Cari amici,
nel giro di quattro giorni, questo gennaio, mi sono imbattuta in tre cigni morti, sulla riva del fiume e nell’acqua. È uno spettacolo commovente e tragico vedere morire questi uccelli venerati e bellissimi. La malattia non fa distinzione tra il tipo di uccelli che cerca di infettare, anche quelli che appartengono al re, secondo una tradizione arcaica che attribuisce alla corona la proprietà di queste creature regali. Gli uccelli sono quasi certamente vittime di un ceppo virulento di influenza aviaria. Due anni fa, un numero straordinario di cigni è morto nei corsi d’acqua che attraversano il Paese e gli uccelli morenti sono stati sottoposti a un crudele abbattimento. Oggi siamo tornati a un blocco degli uccelli in tutto il Paese, per cui gli uccelli commerciali e domestici devono essere tenuti all’interno. Non c’è alcuna protezione per gli uccelli selvatici.
Qualche giorno dopo, ho visto morire un simpatico piccione da giardino. L’ho seppellito. Non c’era alcun segno di lesione.

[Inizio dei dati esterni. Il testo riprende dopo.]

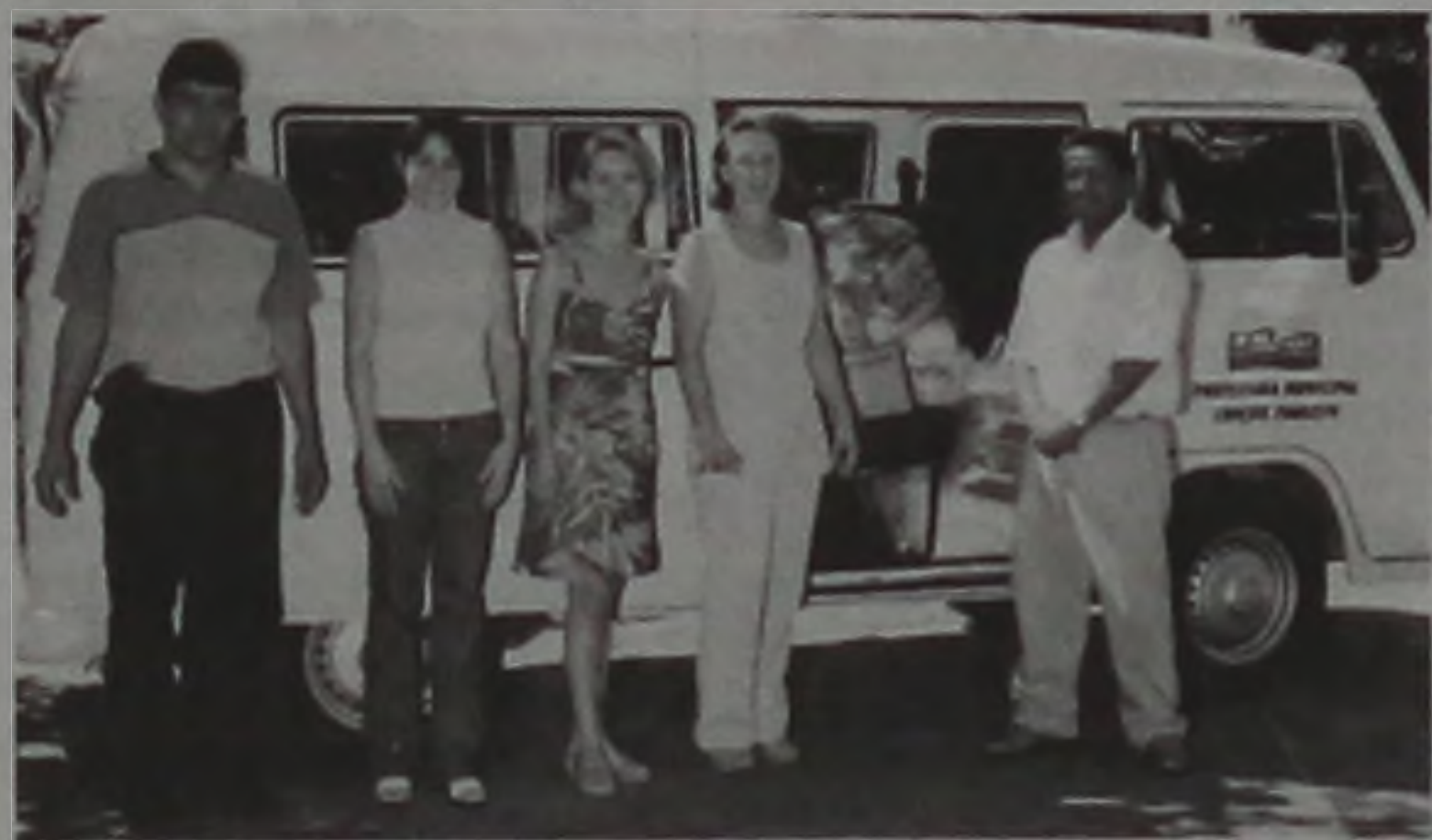
Momento da entrega das cestas básicas

Chissà se il mio simpatico piccione da giardino era stato infettato, tutto quello che so è che all’improvviso il giardino si è sentito vuoto. Quel piccione aveva una grande anima.

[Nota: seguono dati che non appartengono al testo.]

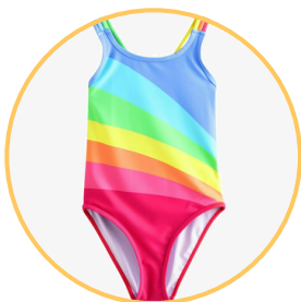
Un maillot de bain
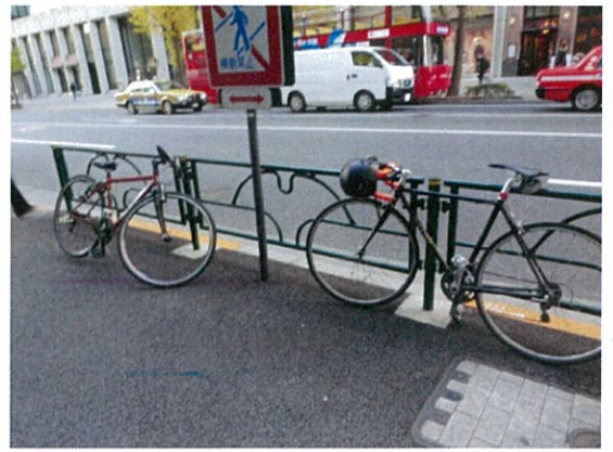
都道 407 号 (n)

C’è una sorta di dolore in campagna: la biodiversità da cui tutti dipendiamo sta morendo. L’impensabile non è più in agguato all’orizzonte e c’è una crescente quiete. L’influenza aviaria è solo una delle sfide alla sopravvivenza di un mondo naturale a noi caro e da cui dipendiamo. Siamo molto bravi a inquinare e a uccidere tutto in questo modo e le sfide climatiche non possono essere sottovalutate. Non è che ci siano mancati i campanelli d’allarme: già nel 1962, quando Rachel Carson scrisse il suo libro fondamentale, Primavera silenziosa, sull’impatto mortale dei pesticidi sull’ambiente, abbiamo avuto i nostri momenti da Cassandra. Da allora abbiamo fatto pressione per proteggere il mondo naturale. A volte abbiamo avuto successo e più spesso abbiamo fallito.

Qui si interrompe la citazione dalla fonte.